What the task requires → Output only the lines below from the one containing "Monsteras make excellent" to the one containing "三季报显示,2025年三季度", exactly as written, both ends kept.

Data for this exercise →
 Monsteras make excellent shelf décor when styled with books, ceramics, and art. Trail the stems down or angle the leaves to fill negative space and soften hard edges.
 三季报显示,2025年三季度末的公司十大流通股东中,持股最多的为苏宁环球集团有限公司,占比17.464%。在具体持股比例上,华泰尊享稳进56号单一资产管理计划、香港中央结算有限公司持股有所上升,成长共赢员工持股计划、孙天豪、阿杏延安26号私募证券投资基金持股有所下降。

--

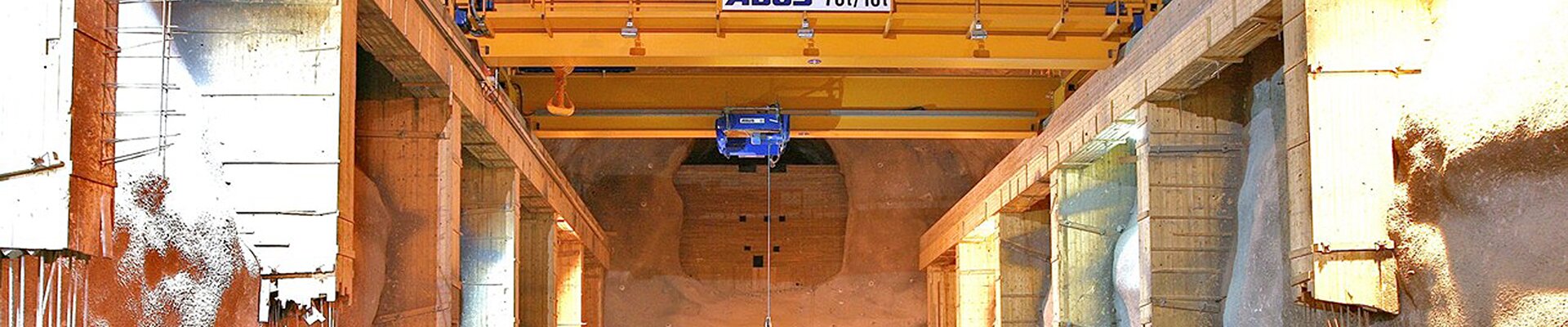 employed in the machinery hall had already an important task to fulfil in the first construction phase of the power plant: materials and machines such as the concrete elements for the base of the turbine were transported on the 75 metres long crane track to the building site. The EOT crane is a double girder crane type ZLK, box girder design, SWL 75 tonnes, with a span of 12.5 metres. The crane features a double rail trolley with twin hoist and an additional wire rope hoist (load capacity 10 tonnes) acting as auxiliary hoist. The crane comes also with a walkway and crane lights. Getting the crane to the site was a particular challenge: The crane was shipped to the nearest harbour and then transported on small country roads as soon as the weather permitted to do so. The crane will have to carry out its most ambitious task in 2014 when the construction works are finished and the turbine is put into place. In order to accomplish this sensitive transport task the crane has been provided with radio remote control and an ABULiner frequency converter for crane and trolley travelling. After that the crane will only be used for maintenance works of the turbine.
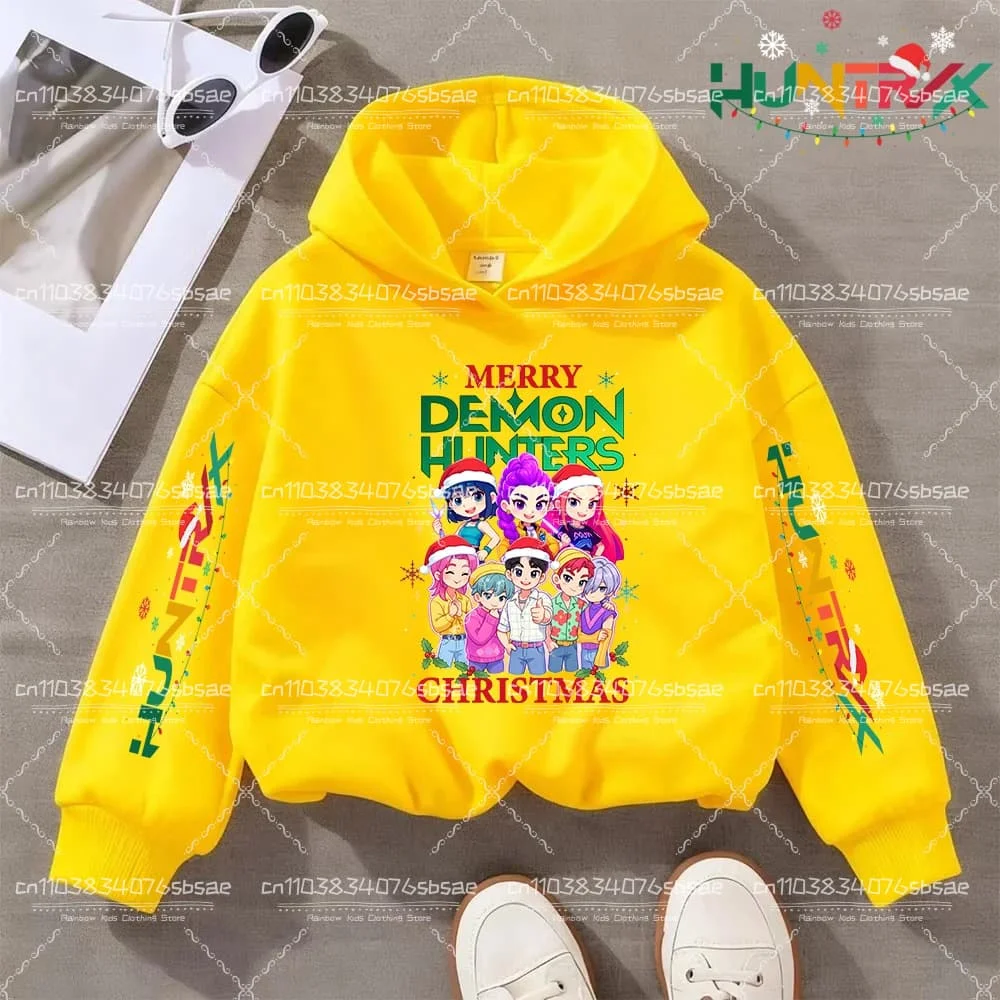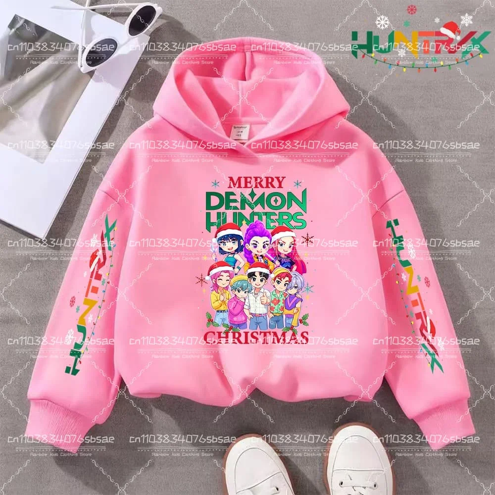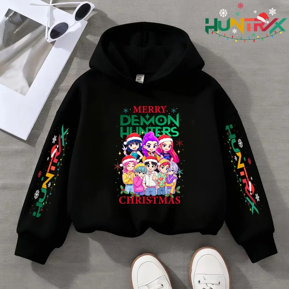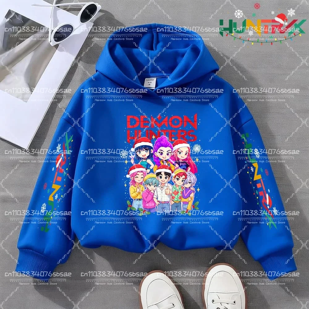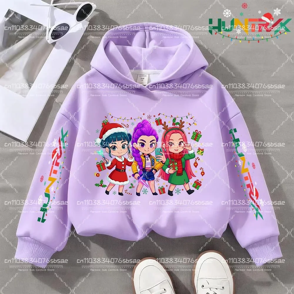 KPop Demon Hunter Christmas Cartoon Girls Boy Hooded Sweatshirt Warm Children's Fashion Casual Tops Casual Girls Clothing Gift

Written response →
 Monsteras make excellent shelf décor when styled with books, ceramics, and art. Trail the stems down or angle the leaves to fill negative space and soften hard edges.
 三季报显示,2025年三季度末的公司十大流通股东中,持股最多的为苏宁环球集团有限公司,占比17.464%。在具体持股比例上,华泰尊享稳进56号单一资产管理计划、香港中央结算有限公司持股有所上升,成长共赢员工持股计划、孙天豪、阿杏延安26号私募证券投资基金持股有所下降。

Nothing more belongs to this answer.